TAIRUA - A historic ferry has run aground in Tairua Harbour - but it was all planned.
The 87-year-old SS Ngoiro, which spent years as a floating restaurant and museum in Auckland's Viaduct Basin, has found its final berthing place in a sea of sand at Paku Headland.
Since it was towed there from Auckland in March last year, carpenters, electricians and plumbers have worked to prepare it for a key role in the redevelopment of the port.
Part of the ferry's lower deck will become the clubrooms for the Tairua Boating and Game Fishing Club, and the top deck will be a restaurant.
The old engine room, which has not had an engine in it for many years, will be developed as a maritime museum once the restaurant has been leased and more cash can be injected into the project.
Shipwright Harry Hessell has worked on the boat since September, painting, replacing rotten wood and restoring part of the lower deck that was almost destroyed by a fire that started from a welder's spark.
You can still smell the smoke in the room where Pukekohe-based Mr Hessell sleeps when he is working on the ferry.
"To do this, you've got to be boating mad," he said.

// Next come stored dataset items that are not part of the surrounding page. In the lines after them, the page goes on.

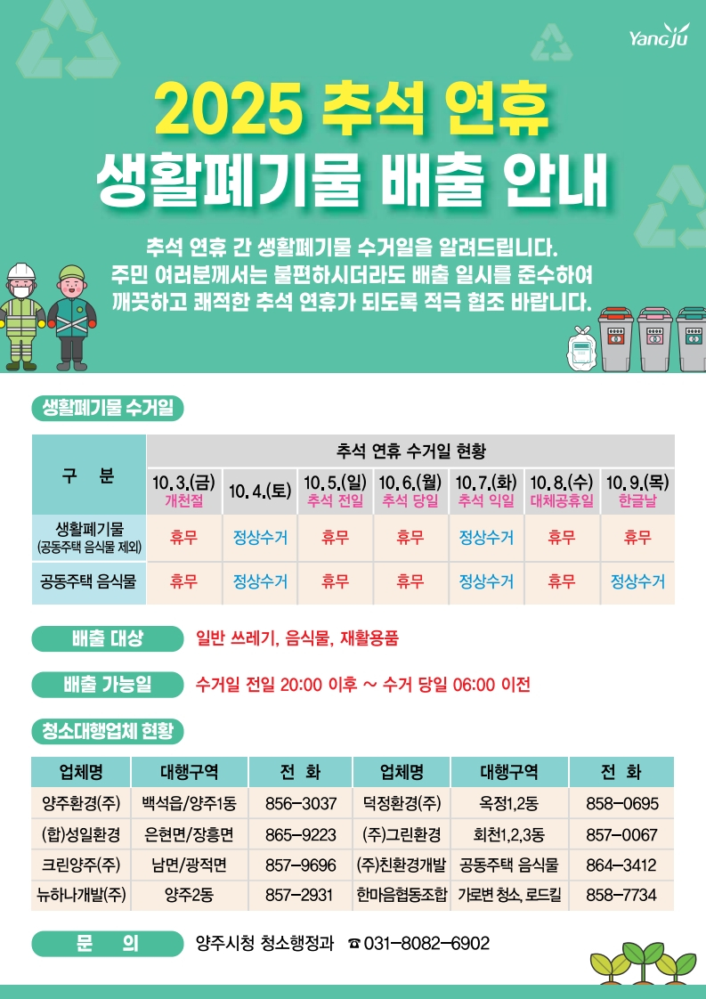 시 관계자는 "양주 시민과 귀성객 모두가 깨끗하고 쾌적한 추석 명절을 보낼 수 있도록 연휴 기간 발생하는 생활폐기물 줄이기에 동참해 주기 바란다"며 "생활폐기물은 정해진 수거 일정에 맞춰 배출해 달라"고 당부했다.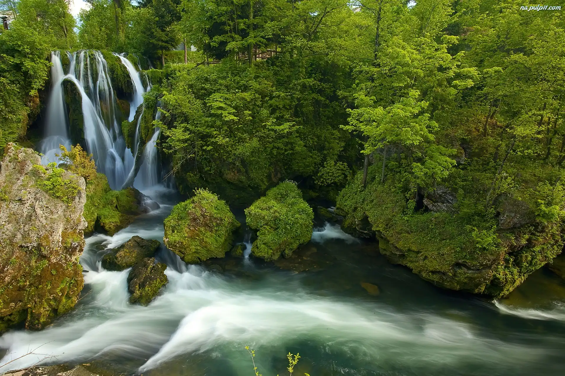 Drzewa, Wodospad, Zieleń, Górska, Skały, Rzeka Na Pulpit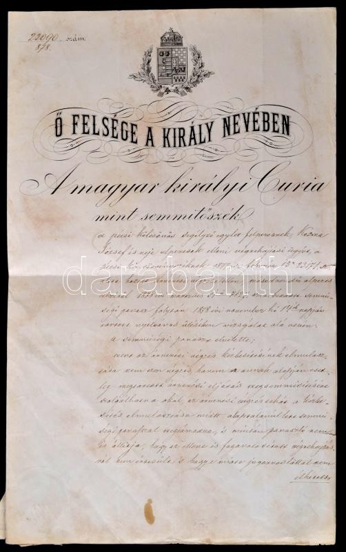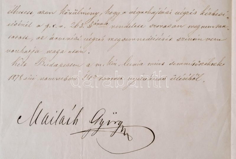 1878 Magyar királyi kúria mint semmítőszék végzése végrehajtási ügyben... https://www.darabanth.com/de/30-Gross-Auktion/30.1/Andere-Sammelgebiete/Dokument~12209/1878-Magyar-kiralyi-kuria-mint-semmitoszek-vegzese-vegrehajtasi-ugyben-Mailath-Gyorgy-~II1862660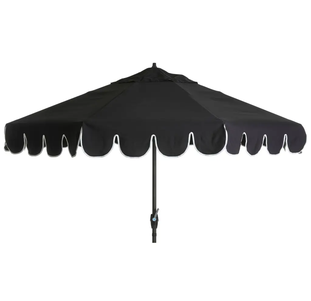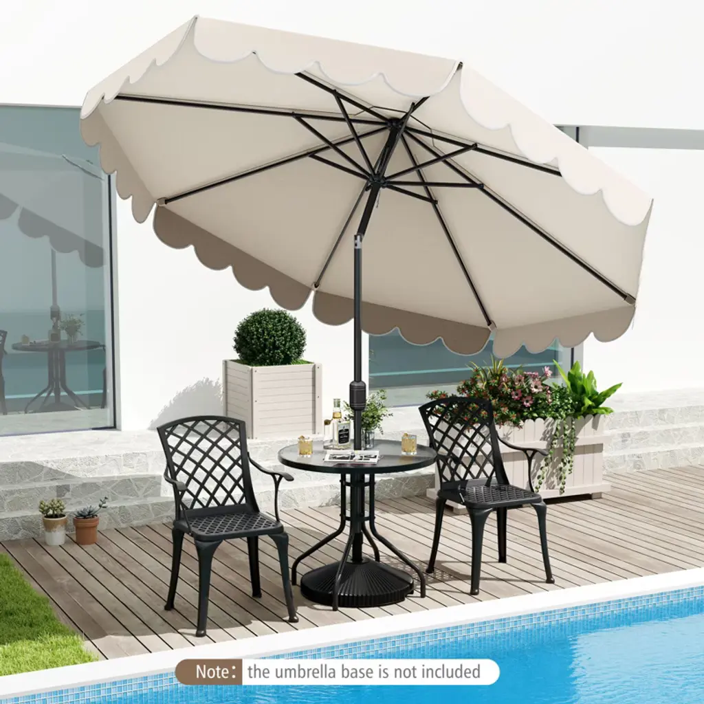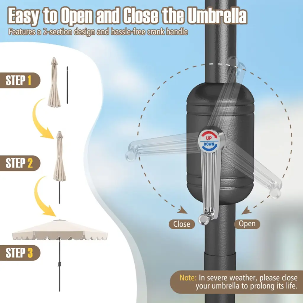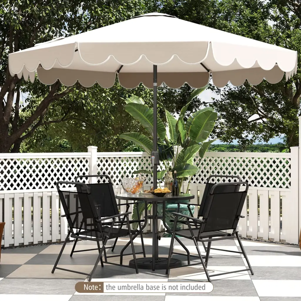 Elevate Outdoor Relaxation! This patio umbrella with ruffled edges measures 10 x 8.2 ft (Dia. x H), perfect for creating a comfy shaded area outdoors, whether relaxing with family on the patio, hosting BBQ parties in the garden, or creating a shaded retreat by the pool. Also, the canopy can be flexibly tilted in different directions, providing customizable shade coverage. Crafted from premium 180G polyester canopy, this umbrella offers exceptional protection against both sun and light rain. When not in use, you can easily close the umbrella with a smooth crank handle and detach it into 2 sections, saving storage space. A valuable addition for providing shade and ambiance to outdoor events or everyday relaxation.FeaturesCrafted from a reliable polyester canopy, ensure excellent weather resistance Equipped with ruffled edges for an elegant look and increased sunshade area Designed with a top air vent for air circulation and enhanced stability The push button tilt function helps block the sun from different directions Features a 2-section design and hassle-free crank handle, easy to install and detach Features a convenient loop strap to secure the umbrella into a compact size Equipped with protective rib pockets, prevent the canopy from tearing 8 heavy-duty metal ribs ensure unparalleled stability and wind resistance Equipped with a safety latch, prevent the umbrella from accidental closing Color: Beige/Brown/Gray/Blue/Red Material: Polyester Fabric, Metal Product Dimensions: 10 x 8.2 ft (Dia. x H) Umbrella Rim Height: 7.4 ft Umbrella Pole Diameter: 1.5" Net Weight: 14 lbs 1 x Patio Umbrella 1 x User's Manual

"Restoring a ship is a lot different from building a house. When you pull a wall out [on the ferry] you don't know what you're going to find and you have to work out what to do to fix it."
Mr Hessell loves the character of the boat, which plied Auckland Harbour until 1960.
He is not fond of later additions that enclosed more of the top deck and studded it with aluminium joinery.
But bringing the ferry back to original condition is not an option because the Maritime Trust, which owns Ngoiro, does not have the money. The restaurant would also be lost.
Trust chairman Jim Mason said the Ngoiro was bought in 1978 with the intention of bringing it to Tairua. But the then Mayor of Auckland, Sir Dove-Myer Robinson, did not want the piece of maritime history to leave the city.
The Ngoiro was released only when the Viaduct Basin was redeveloped for the America's Cup in 1998.
It does not appear that the maritime character of the boat was lost by putting it on dry land - a group of "burly Hamilton guys" who did some work on the ferry complained they felt seasick.